- Film poster
- Directed by: Dwight Yoakam
- Written by: Dwight Yoakam; Stan Bertheaud; Otto Felix; Dennis Hackin;
- Produced by: Gray Frederickson; Darris Hatch;
- Starring: Dwight Yoakam; Billy Bob Thornton; Vince Vaughn; Bridget Fonda; Peter Fonda; Paul Reubens; Bud Cort; Michael Jeter; Bo Hopkins; Luke Askew; Joe Ely;
- Cinematography: James Glennon
- Edited by: Robert A. Ferretti Mike Murphy
- Music by: Dwight Yoakam (Additional music by Jim Latham)
- Production companies: Delta Deuce Films Goldmount Pictures Movie Mongrel Trimark Pictures
- Distributed by: August Entertainment Blue steel Releasing Emerald Geneon Entertainment Jigsaw Entertainment Phaedra Cinema
- Release dates: January 28, 2000 (Slamdance); December 15, 2000 (United States);
- Running time: 132 minutes
- Country: United States
- Language: English
- Budget: $4,000,000
- Box office: $28,149

= South of Heaven, West of Hell =

2000 American Western film

South of Heaven, West of Hell is a 2000 American Western film starring Dwight Yoakam, who also co-wrote, directed, and scored the film. The film follows Valentine Casey (Yoakam), a Marshal in the Arizona territory when he receives a surprise visit from his outlaw adoptive father (Luke Askew) on Christmas Eve 1907. This stands as the only film Yoakam has starred in, written and directed.

The film premiered on the closing night of the 2000 Slamdance Film Festival, and released in theatres on December 15, 2000.

==Plot==
Valentine Casey is the marshal of the New Mexico town of Los Tragos. On Christmas Eve, 1907, Los Tragos is overrun by a violent gang. Casey retreats to the Arizona desert and then to the town of Dunfries where he becomes involved with a blacksmith's beautiful niece. The gang then descends upon Dunfries where Casey must at last stand his ground.

==Cast==
- Dwight Yoakam as Valentine Casey
- Billy Bob Thornton as Brigadier Smalls
- Vince Vaughn as Taylor Henry
- Bridget Fonda as Adalyne Dunfries
- Peter Fonda as Bill "Shoshonee Bill"
- Paul Reubens as Arvid Henry
- Bud Cort as Agent Otts
- Michael Jeter as Uncle Jude
- Bo Hopkins as Dr. Angus "Doc" Dunfries
- Luke Askew as Leland Henry
- Joe Ely as Paul "Petrified Paul"
- Warren Zevon as Babcock

==Production==
Shortly before production began, the financier backed out and Yoakam made the decision to finance the film on his own, partially through the sale of his home in Malibu. His production company (A Cast of Strays) ultimately filed for Chapter 11 bankruptcy protection, and several crew members registered complaints with unions and filed lawsuits in small claims court against the company. Yoakam said it was "the hardest experience I've ever gone through in my professional life in terms of executing art". To help pay off the debt accrued while making the movie, Yoakam hired a cheaper backing band in 2002, which resulted in a falling out with his longtime producer, bandleader, and guitarist Pete Anderson. Yoakam originally meant Vincent Gallo to play the lead rather than himself. Nor was he intending to direct it.

==Reception==
On Rotten Tomatoes, the film has a 14% approval rating, based on 7 reviews with an average rating of 3.50 out of 10. On Metacritic the film has a score of 22% based on reviews from 6 critics, indicating "generally unfavorable reviews".
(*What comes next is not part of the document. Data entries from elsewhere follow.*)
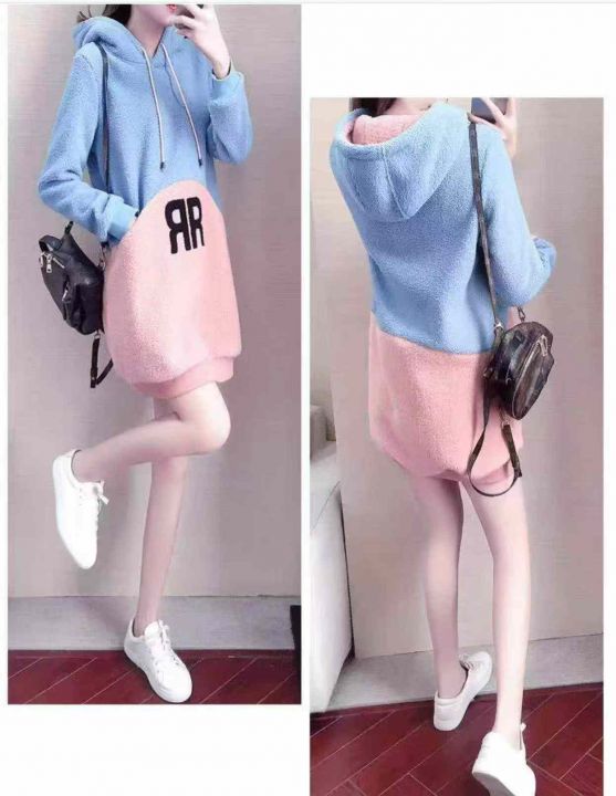 羊羔绒长款过膝加绒连帽卫衣 ,数量:140件,码数: S-M-L-XL-2XL,有独立包装 5.9元清
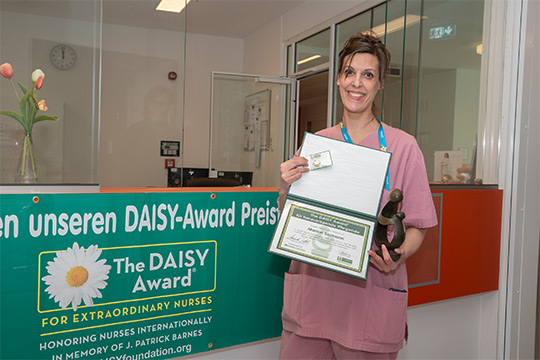 Der DAISY Award würdigt Pflegefachpersonen und Hebammen, die durch ihre fachliche Kompetenz, ihr außergewöhnliches Engagement und ihre menschliche Zuwendung einen besonderen Unterschied im Leben von Patientinnen, Patienten und ihren Familien machen.
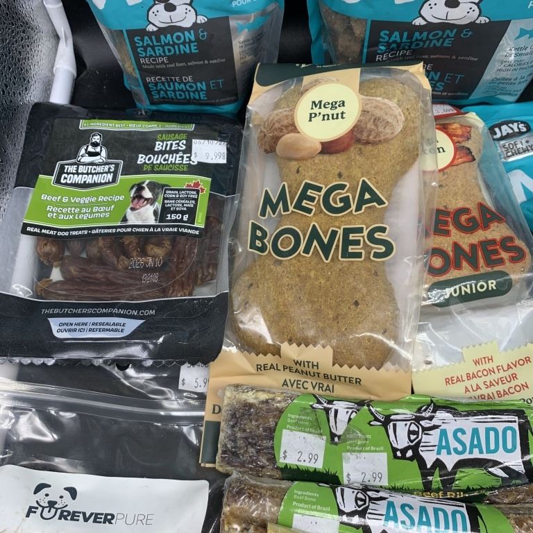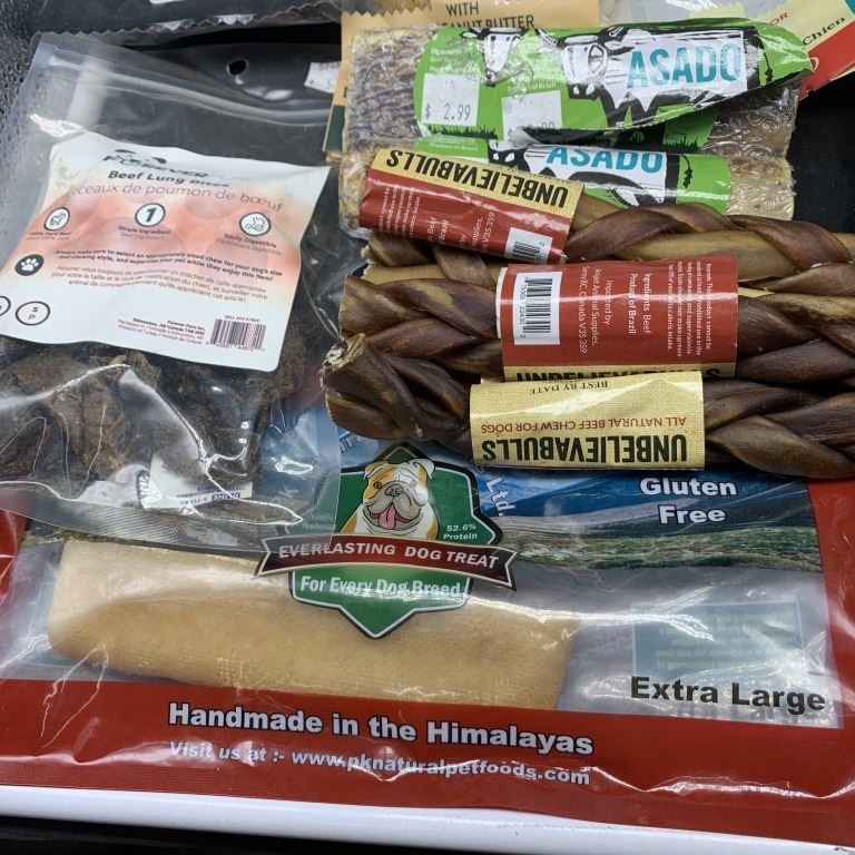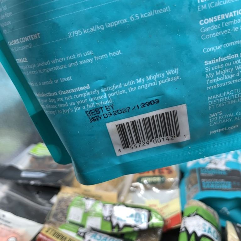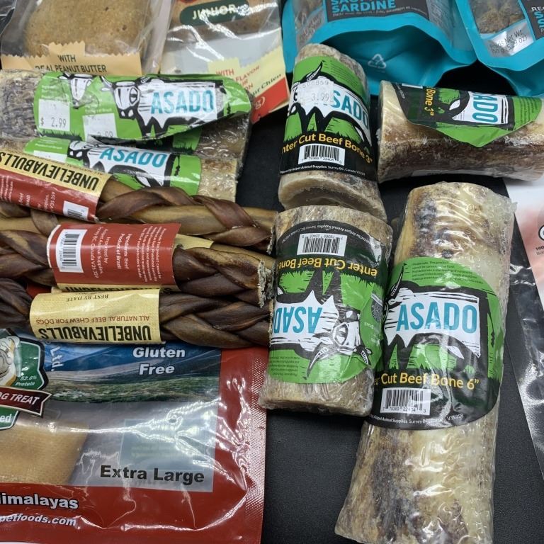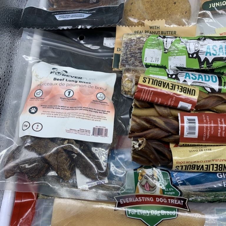 FIVE BAGS OF NEW MY MIGHTY WOLF SALMON AND SARDINE RECIPE DOG TREATS WITH SAUSAGE BITES, MEGA BONES, BEEF BONES, BEEF RIBS, BEEF BRISKET, BEEF CHEWS AND EVERLASTING DOG TREAT BEST BEFORE 2026/2027
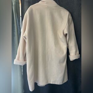 Chic cream Coat with open front. Features rolled sleeves and front pockets. Ideal for layering.
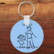 Father and daughter hold hands. The man's shirt read "daddy" and the little girl's dress reads "me". Add your own names for a special father or daddy gift! This parent and child family picture also comes in color as a brunette or blond family. There is also a version with the title of "Daddy's Girl". Make a personalized family keychain with your own text and images using the "Customize It" button!
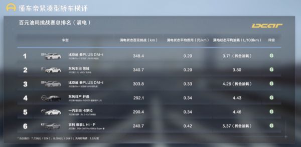 在懂车帝对近期对喜闻乐见中日美德韩A级车横评中,中国品牌在多项测试中的优势,都过于明显。比如百元油耗挑战赛中,比亚迪秦PLUS DM-i的两款车型分列第一和第三,被奉为混动宗师的卡罗拉双擎是所有测试混动车中,最早因为没油趴窝的。在实际道路油耗测试中, 比亚迪秦PLUS DM-i和吉利帝豪L混动分列前三,最省钱的一公里只要2毛8分钱。
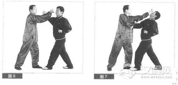 (3)对方急向后仰头闪我拳砸,同时用右拳向上、向左、向下拦挂我右拳。(图6)
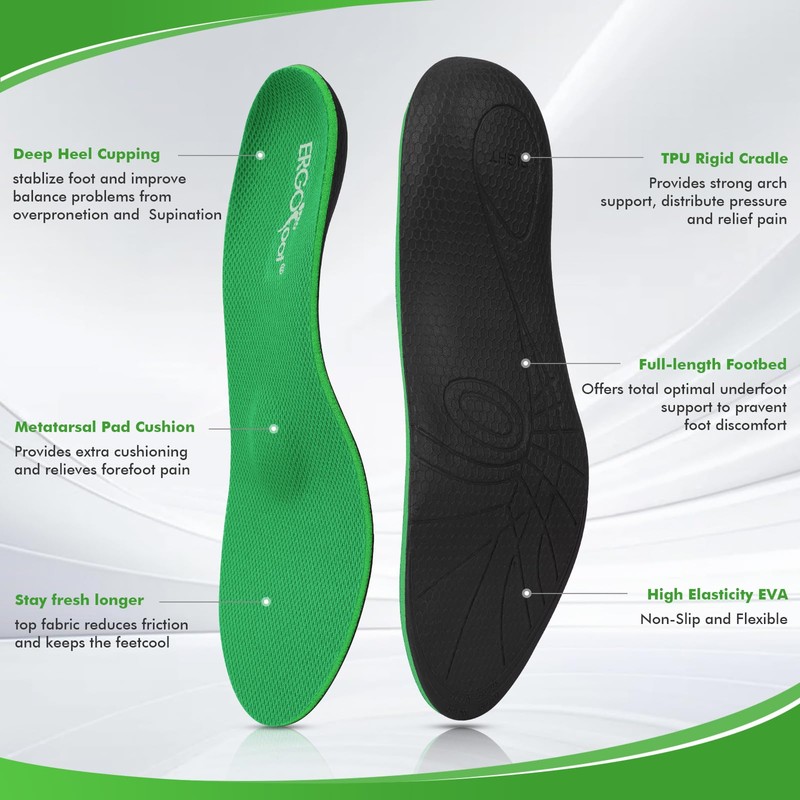 - 【Orthotic Arch Support】ERGOfoot arch support insoles can improve the fit of your running shoes, make sure your arches are supported where they need it and provide a convenient and extremely soothing solution for you.
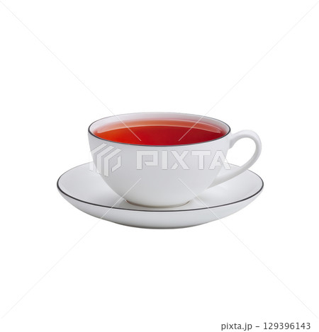 White porcelain teacup filled with vibrant red tea sits elegantly on matching saucer, showcasing minimalist and classic design
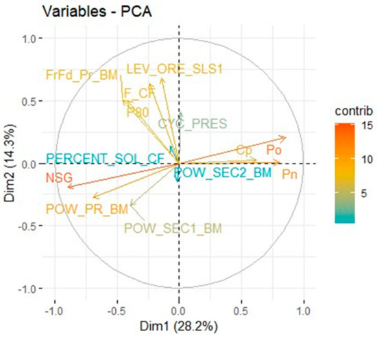 The importance of a variable or contribution of a variable to PC1 (first principal component) and PC2 (second principal component) is defined in Equation (2).
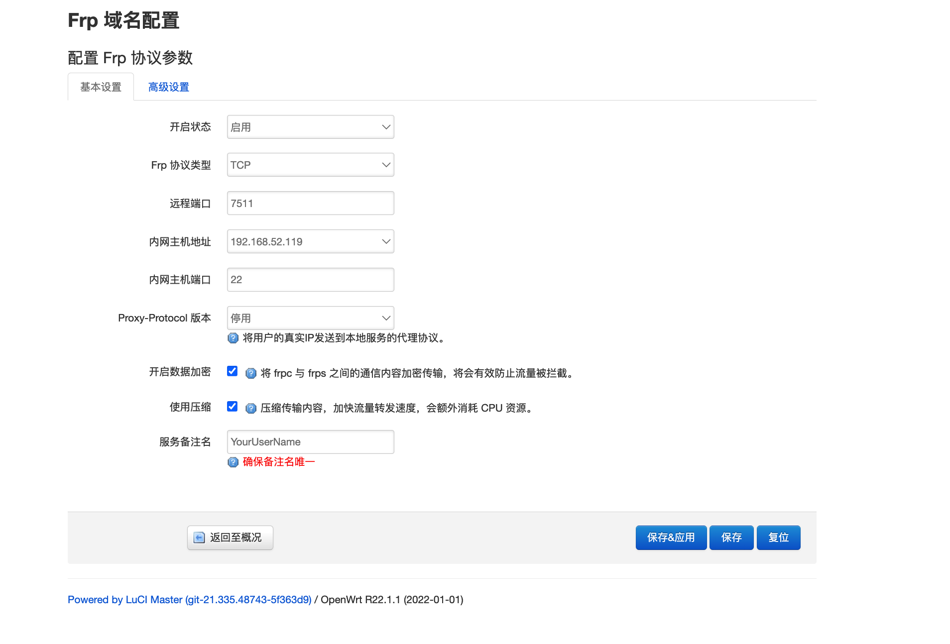 openwrt上的frp有服務端和客戶端,在openwrt的後台,導航到【服務】->【frp內網穿透】,建立與服務器端的通信。做如下配置:

Robert Koehler of Variety said that the film "lacks the critical ingredients of shape, consistent tone, rhythm and economy that would make this truly old-fashioned oater into a lean, compelling adventure". He added that "there's no grace to the interplay of images and emotions. At every step, the filmmakers seem unable to pull off an exaggerated horse opera, and they never know when to pull the plug on scenes that are going nowhere". Writing for Film Threat, Michael Dequina said in his review that "watching Yoakam's film...is like eating a shit sandwich. The title may be a cutesy joke describing someplace close to hell, but make no mistake—this film is hell."